## Problem
Below are entries; repeat exactly, and nothing else, the lines from the one holding "Noch ein weiteres" through the one holding "Give a new life", inclusive. Leave the pictures out.

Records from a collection
....
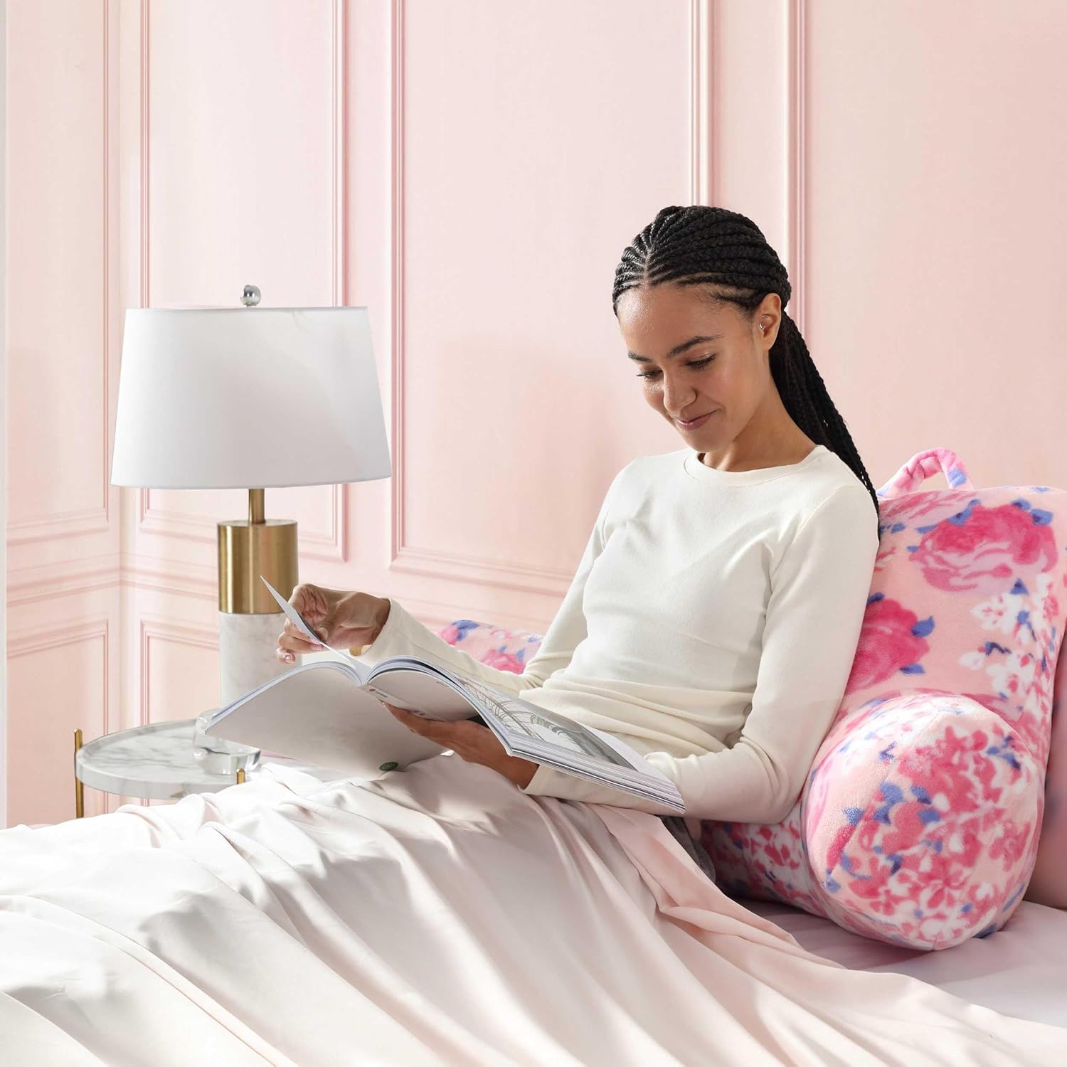 Why settle for ordinary decor when you can have bold, playful, and unmistakably Betsey? bring bright, romantic energy to your space with the Betsey Johnson xox floral backrest decorative pillow, featuring a lush mix of pink and purple blossoms scattered across a soft, dreamy backdrop. Designed for comfort and style, this supportive backrest silhouette offers cozy arm bolsters and a top handle, making it perfect for reading, lounging, studying, or relaxing in bed. The vibrant floral artwork adds movement, personality, and signature Betsey charm instantly refreshing any corner of your room. Whether paired with Solids or layered with other patterned throw pillows, this accent pillow elevates your room décor with a lively, expressive touch. Plush yet lightweight, it transforms any seating spot into a cheerful Betsey-inspired retreat. Spot clean only for easy care and long-lasting everyday beauty.
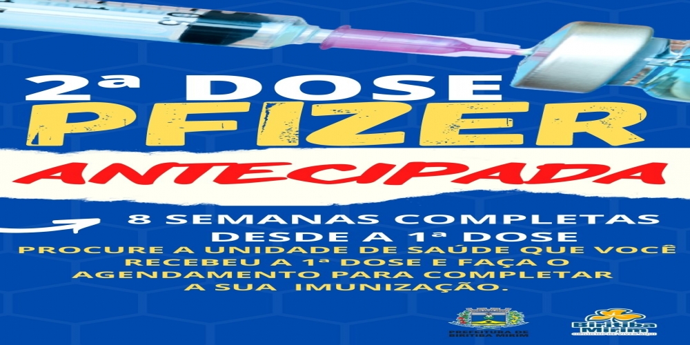 SEGUNDA DOSE DA VACINA CONTRA COVID-19 TEM CALENDÁRIO ANTECIPADO DE 12 PARA 8 SEMANAS PARA QUEM RECEBEU O IMUNIZANTE DA PFIZER.
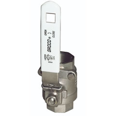 Groco's Stainless Steel Full-Flow Ball Valves feature stainless steel bodies and components, plus PTFE seats and seals. 1 1/4" sizes and larger include a grease zerk fitting for lubrication (use only with the valve in the open position) or for draining. A thumb-release locking mechanism assures the valve remains in the position selected.
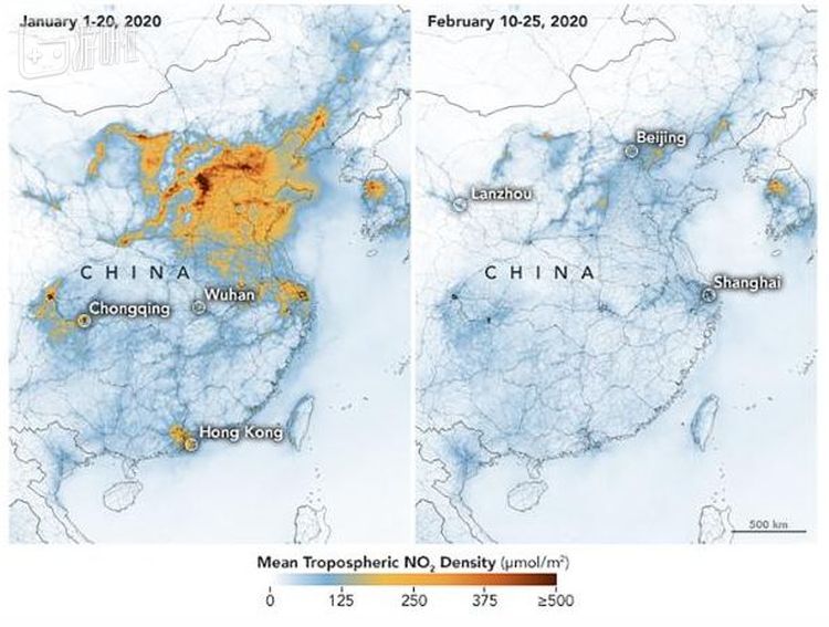 斯坦福大学的研究则表明,封锁期间导致的污染减量或许间接挽救了成千上万人类和动物的生命。而在稍早些的时候,有一张卫星图像也广为流传,那是中国2月10~25日的二氧化氮排量与前一个月的对比。
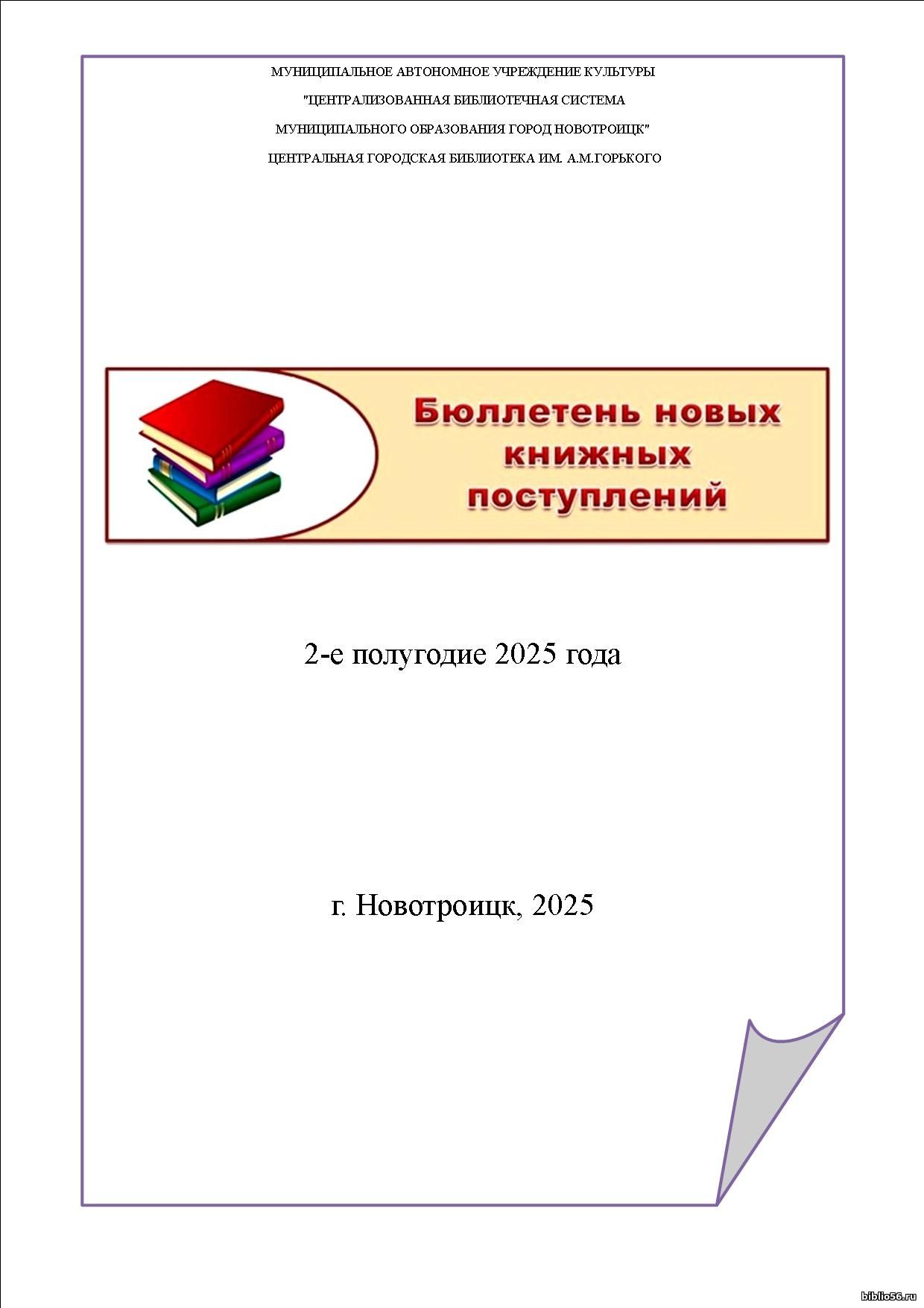 Бюллетень новых книжных поступлений по краеведению 2-е полугодие 2025 : [библиографическое пособие ] : / Муниципальное автономное учреждение культуры «Централизованная библиотечная система Муниципального образования город Новотроицк» Центральная городская библиотека ; сост. Н.Н. Турцова. – Новотроицк, 2025. – 17 c. – Текст : непосредственный.
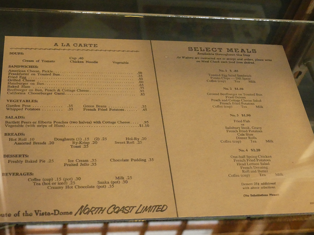 Noch ein weiteres Beispiel für die vielen interessanten Details: Die Speisekarte aus dem damaligen Paradezug der Pacific Northwestern zwischen Chicago und Seattle (mit einem Lewis & Clarke Themenwaggon) namens North Coast Limited.
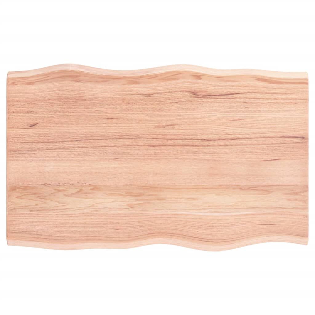 Give a new life to your table with this wooden table top. It is an excellent solution for freshening up your table at home or in a commercial setting. Solid oak wood: The tabletop is made of solid oak wood, which is a beautiful natural material. Oak wood has a medium brown colour and a dense grain, contributing to its unique look.Versatile applications: The replacement table top can be combined with different bases according to your needs.Treated surface: The replacement board has been varnished so it is ready for use as an additional finish is not required.Handmade with live edge: The DIY board is meticulously handcrafted, showcasing a live edge that adds to its natural charm. Due to that the knots, cracks, slightly curved shapes, and colour tones are part of the oak wood. Every piece has its own unique character to display. The delivery is random, ensuring the exclusivity and individuality of your product. Good to know:As a natural product, wood may show knots and imperfections that we fill with black fillings to ensure a smooth appearance.
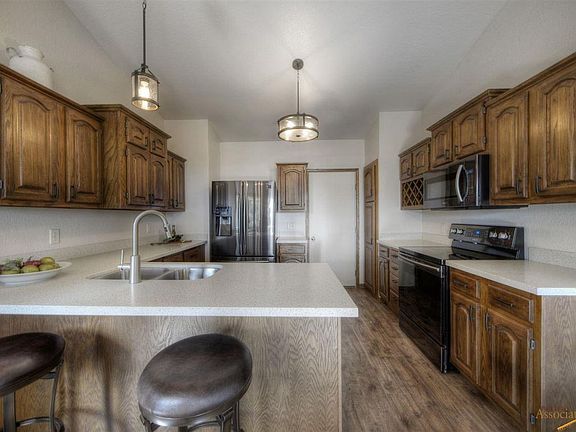 This spacious ranch-style home sits at the top of the hill in one of the most desirable neighborhoods in SE Rapid City. 4 big bedrooms all with convenient closet organizers. 3 full bathrooms - including a great master bathroom with double sinks. A nice eat in kitchen with lots of cabinet space and a breakfast bar. A big living room and formal dining area. Plus, a perfect sized completely fenced backyard with mature trees for added privacy that you can enjoy from your brand new covered deck or lower level patio. NEW! NEW! NEW! All new flooring, new light fixtures, new bathroom vanities, new solid surface kitchen counter tops, new decks, all new stainless appliances in the kitchen, new central A/C and fresh paint in and out. Seldom do you find a like-new home in a wonderfully established neighborhood like this. Close to medical, shopping and schools. The best of everything rolled into one great home. Move in and start living the dream!
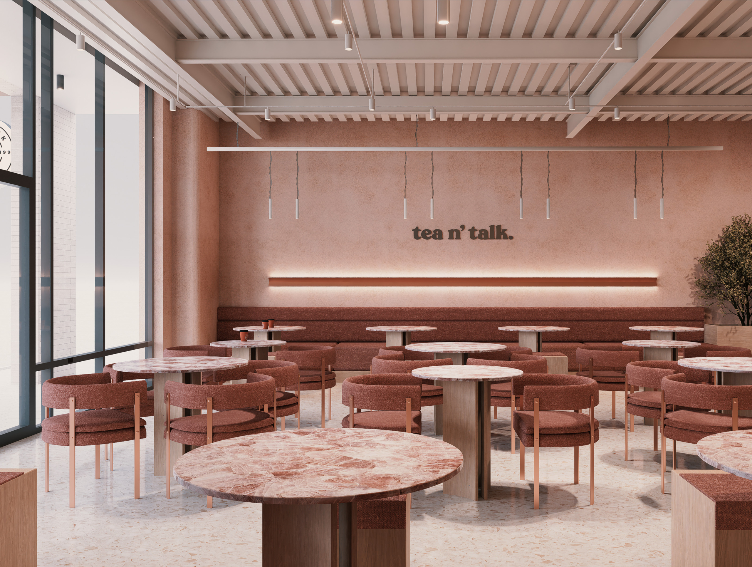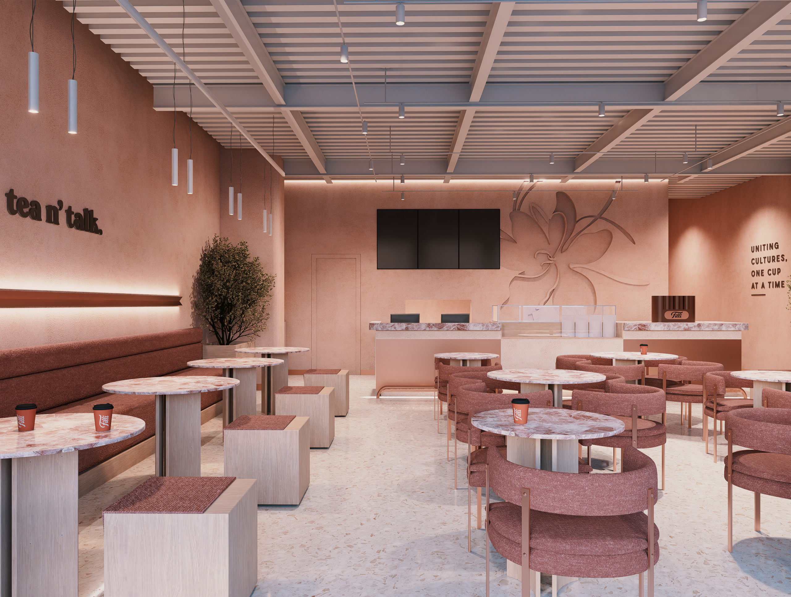 A Filli Café franchise in Dallas designed as a warm, modern space that celebrates the brand’s spirit of Tea n’ Talk.
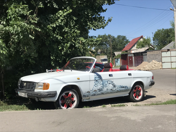 Более современную, но необычную версию "Волги" авторам проекта удалось встретить на одной из парковок по улице Чайковского. Здесь находился необычный кабриолет на базе ГАЗ-24. Отметим, что обычная такая "Волга" производилась серийно на Горьковском автомобильном заводе с 1966 по 1986 годы.
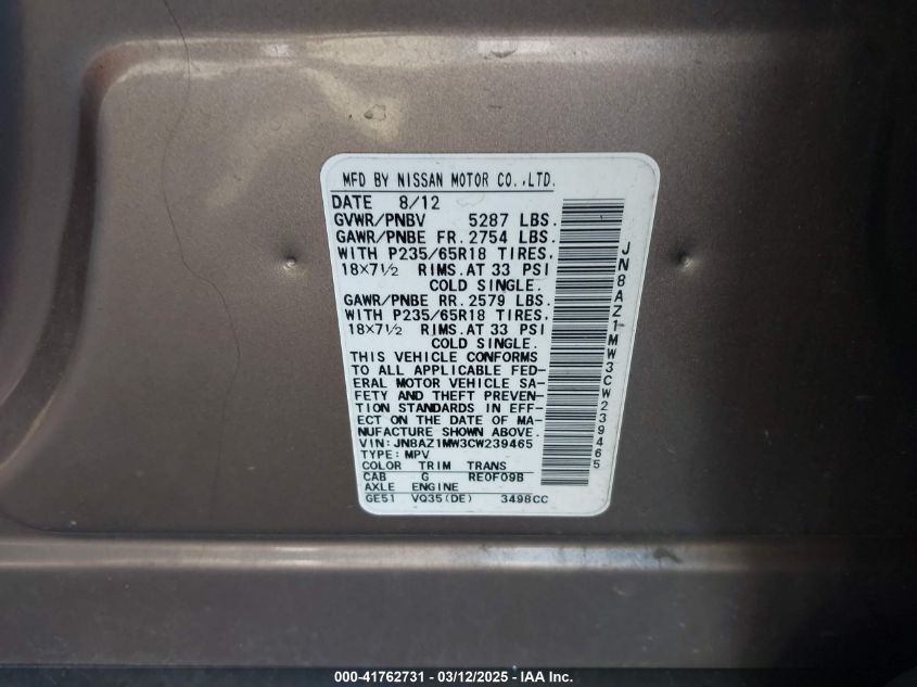 Color BrownCylinders 6Drive Full driveVIN JN8AZ1MW3CW******State Run & Drive VerifiedDamage Rear right AutoRIA
....
## Exercise solution
 Noch ein weiteres Beispiel für die vielen interessanten Details: Die Speisekarte aus dem damaligen Paradezug der Pacific Northwestern zwischen Chicago und Seattle (mit einem Lewis & Clarke Themenwaggon) namens North Coast Limited.
 Give a new life to your table with this wooden table top. It is an excellent solution for freshening up your table at home or in a commercial setting. Solid oak wood: The tabletop is made of solid oak wood, which is a beautiful natural material. Oak wood has a medium brown colour and a dense grain, contributing to its unique look.Versatile applications: The replacement table top can be combined with different bases according to your needs.Treated surface: The replacement board has been varnished so it is ready for use as an additional finish is not required.Handmade with live edge: The DIY board is meticulously handcrafted, showcasing a live edge that adds to its natural charm. Due to that the knots, cracks, slightly curved shapes, and colour tones are part of the oak wood. Every piece has its own unique character to display. The delivery is random, ensuring the exclusivity and individuality of your product. Good to know:As a natural product, wood may show knots and imperfections that we fill with black fillings to ensure a smooth appearance.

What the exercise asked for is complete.